Sí: pero mandó veinte años, y aunque renunciaba una y otra vez
al mando, siempre volvía a él, y lo ejercía de modo dictatorial.
Eso era lo que veían los septembrinos que quisieron asesinarlo en
1828: la forma militar de su dictadura, y no los propósitos, por
muy altruistas y civilistas que fueran, de esa dictadura. Veían la
tiranía. Por eso hasta sus amigos se convertían en enemigos: en
Lima, en Bogotá, en Quito, en Caracas.

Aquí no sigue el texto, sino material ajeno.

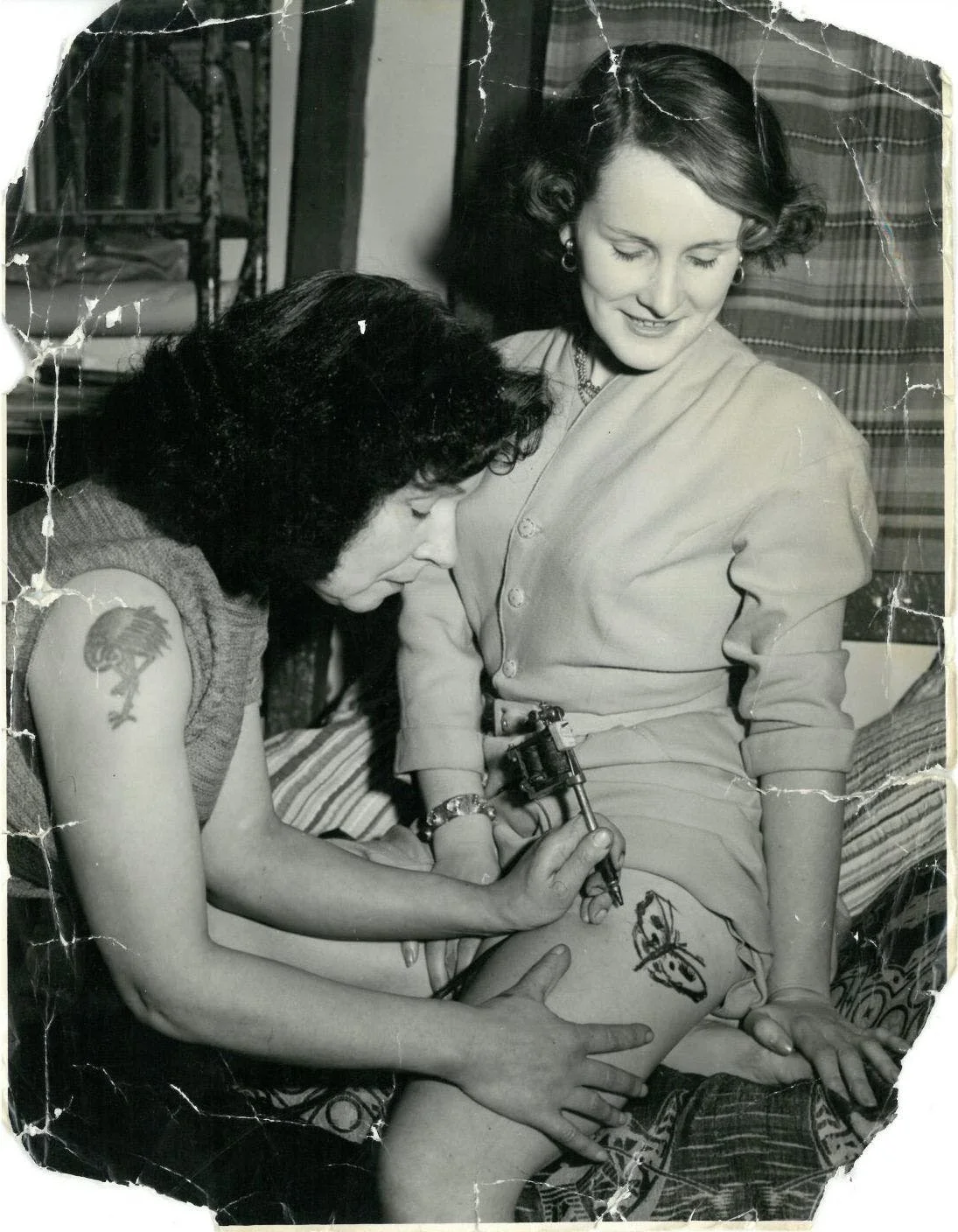 Born in 1904, Jessie Knight was the first and only female tattooist to work professionally in Britain for over 40 years. Her longtime love affair with tattooing was inherited from her father, who had traveled extensively as a sailor and worked as both a circus performer and a tattoo artist. Jessie spent most of her childhood traveling with her father as he performed daredevil acts and tattooed clients and performers. When Jessie was only 18, her father entrusted her to run the family tattoo shop in his absence, as he would be returning to sea. Jessie took over her father’s business successfully, consistently surprising clients with how young she was and the fact that she was a woman. At the point in time when Jessie started her career as a tattoo artist, tattoos were not commonplace in Britain. Reserved usually for sailors and ‘undesirables’, they were certainly not the norm for young women. Thus when married at age 27, Jessie faced her biggest obstacle in her career, her husband. His disapproval lead to Jessie taking a hiatus from tattooing lasting roughly around 8 years. Once Knight was able to escape the marriage and leave her old life behind, she opened up her first tattoo studio in 1936. As her business grew, she marketed herself as “Jessie Knight: Expert Freehand Lady Tattoo Artist”. Her unique freehand method was achieved by drawing on the skin with ink-soaked matchsticks and then tattooing over the stencil. She became recognized for her vivid use of color and detail in her designs. In 1955, Knight placed second in the ‘Champion Tattoo Artist of All England.’ Although she didn’t win the first prize, it was nonetheless a huge achievement, as at the time there were only a handful of female tattoo artists in the whole of Europe. She went on to own several successful tattoo shops throughout her life, becoming a trailblazer who helped break down barriers for the women tattooers who would come after her.

Y por eso también sus
medidas de gobierno, sus decretos, sus proyectos de ley, siempre
bien orientados, solían tener en la práctica efectos insignificantes
o aun contraproducentes. Inclusive su obsesión generosa por la
liberación de los esclavos no vino a cumplirse sino veinte años
después de su muerte, bajo el gobierno —no ya de Colombia,
sino apenas de la república de la Nueva Granada— de uno de sus
generales revoltosos. Más que por los resultados —de los cuales
el único tangible sería la independencia, como él mismo lo
reconoció ante el Congreso de 1830— a Bolívar hay que juzgar-
lo por sus intenciones, cien veces proclamadas en sus escritos.